All rhinoceros species are endangered by encroachment and poaching in their natural habitats. In captivity, the health and longevity of African black (Diceros bicornis) and Sumatran (Dicerorhinus sumatrensis) species are further threatened by progressive development of pathologically extreme iron overloads.2,4,5 By contrast, African white (Ceratotherium simum) and Asian greater one-horned (Indian) (Rhinoceros unicornis) species exhibit no evidence of iron-storage disorder in captivity.2,4,5 This distinct clinical disparity between browser and grazer rhinoceros species might be explained by evolutionary differences in the mechanisms by which they assimilate dietary iron and/or regulate its subsequent balance.3

Recent advances in studies of iron homeostasis have identified molecular mechanisms involved in the pathogenesis of human iron disorders. Since these regulatory pathways are highly conserved in mammals, those in rhinoceroses are likely to be similar. The phenotype of iron loading in black rhinoceroses is characterized by extensive iron deposition in various organs, and by serum transferrin saturations and ferritin concentrations that are markedly elevated over those of free-ranging black rhinos or captive white rhinos.4,5 This disorder resembles certain forms of human hereditary hemochromatoses, which are now known to be caused either by deficiency of the key iron regulatory hormone hepcidin, or by resistance to hepcidin. Hepcidin controls iron homeostasis by blocking the absorption of iron from the diet, the release of iron from macrophages recycling old red blood cells and the mobilization of iron from stores in the liver. Hepcidin acts by causing the internalization and degradation of its receptor, ferroportin, the sole channel for egress of intracellular iron into plasma from enterocytes, hepatocytes, macrophages, and placental trophoblast.3 In humans, hepcidin deficiency or resistance to hepcidin causes excessive iron absorption and deposition of iron in the liver and other tissues. Hepcidin deficiency results either from autosomal recessive mutations in the hepcidin gene itself or in genes encoding hepcidin regulators: hemojuvelin, transferrin receptor 2 (TfR2), and the hemochromatosis gene, HFE. Hepcidin resistance results from autosomal dominant mutations in the hepcidin receptor, ferroportin.

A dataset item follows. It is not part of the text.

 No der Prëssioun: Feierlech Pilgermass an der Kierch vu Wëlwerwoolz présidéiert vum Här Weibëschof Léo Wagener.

Our experimental approach compared regulatory gene sequences from both affected and unaffected rhinoceros species to search for possible underlying molecular defect(s). Previously, no differences were found in the sequences of rhinoceros HFE genes between affected and unaffected species,1 but sequences for other iron-related genes in rhinoceroses were not known. In this study, DNA was extracted from peripheral blood samples from all four available rhino species, and genes encoding hepcidin, ferroportin, hemojuvelin, TfR2 and HFE were cloned and analyzed by PCR amplification based on conserved regions of related species (horse and dog).

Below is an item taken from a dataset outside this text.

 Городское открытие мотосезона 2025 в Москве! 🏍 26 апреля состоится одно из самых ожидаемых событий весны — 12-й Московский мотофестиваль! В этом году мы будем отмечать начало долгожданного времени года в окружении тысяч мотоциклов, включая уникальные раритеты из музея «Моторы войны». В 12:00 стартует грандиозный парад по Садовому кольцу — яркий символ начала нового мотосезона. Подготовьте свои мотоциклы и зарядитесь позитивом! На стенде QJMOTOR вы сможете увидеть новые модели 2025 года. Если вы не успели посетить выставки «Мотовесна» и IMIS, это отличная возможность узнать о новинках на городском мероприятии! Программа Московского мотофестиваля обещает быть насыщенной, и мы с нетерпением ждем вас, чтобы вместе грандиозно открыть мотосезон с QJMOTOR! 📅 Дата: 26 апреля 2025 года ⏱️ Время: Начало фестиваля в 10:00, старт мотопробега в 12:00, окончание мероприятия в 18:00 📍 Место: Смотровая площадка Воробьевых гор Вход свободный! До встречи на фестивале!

Over half of the DNA sequences of these five genes have now been determined without identifying a specific cause for the apparent disparity in iron homeostasis among these four species. The sequence encoding the rhinoceros hepcidin was found to be identical between the black and white rhinos. We synthesized the rhinoceros hepcidin peptide and showed that it was active in an in vitro bioassay. However, the responsiveness of rhinoceros ferroportin to hepcidin modulation, as well as the level of expression of rhinoceros hepcidin, is still to be determined. Assays to measure hepcidin concentration in rhinoceros urine and sera, similar to methods used for human hepcidin, remain under development.


We thank Alan Waring and Piotr Ruchala for synthesizing and purifying rhino hepcidin. We are especially grateful to the zoo veterinarians, keepers and staff who have provided rhino blood, serum and tissue samples, including those at the San Diego Zoo and Wild Animal Park, the Los Angeles Zoo and Fossil Rim Wildlife Center.

Literature Cited

1.  Beutler, E., C. West, J.A. Speir, I.A. Wilson, and M. Worley. 2001. The HFE gene of browsing and grazing rhinoceroses. A possible site of adaptation to a low iron diet. Blood Cells, Mol., Dis. 27:342–350.

2.  Dennis, P.M., J.A. Funk, P.J. Rajala-Schultz, E.S. Blumer, R.E. Miller, T.E. Wittum, and W.J.A. Saville. 2007. A review of some of the health issues of captive black rhinoceroses (Diceros bicornis). J. Zoo Wildl. Med. 38:509–517.

3.  Nemeth, E., and T. Ganz. 2006. Regulation of iron metabolism by hepcidin. Ann. Rev. Nutrit. 26:323–342.

4.  Paglia, D.E. and P. Dennis. 1999. Role of chronic iron overload in multiple disorders of captive black rhinoceroses (Diceros bicornis). Proc. Am. Assoc. Zoo Vet. Annu. Meet. Pp. 163–171.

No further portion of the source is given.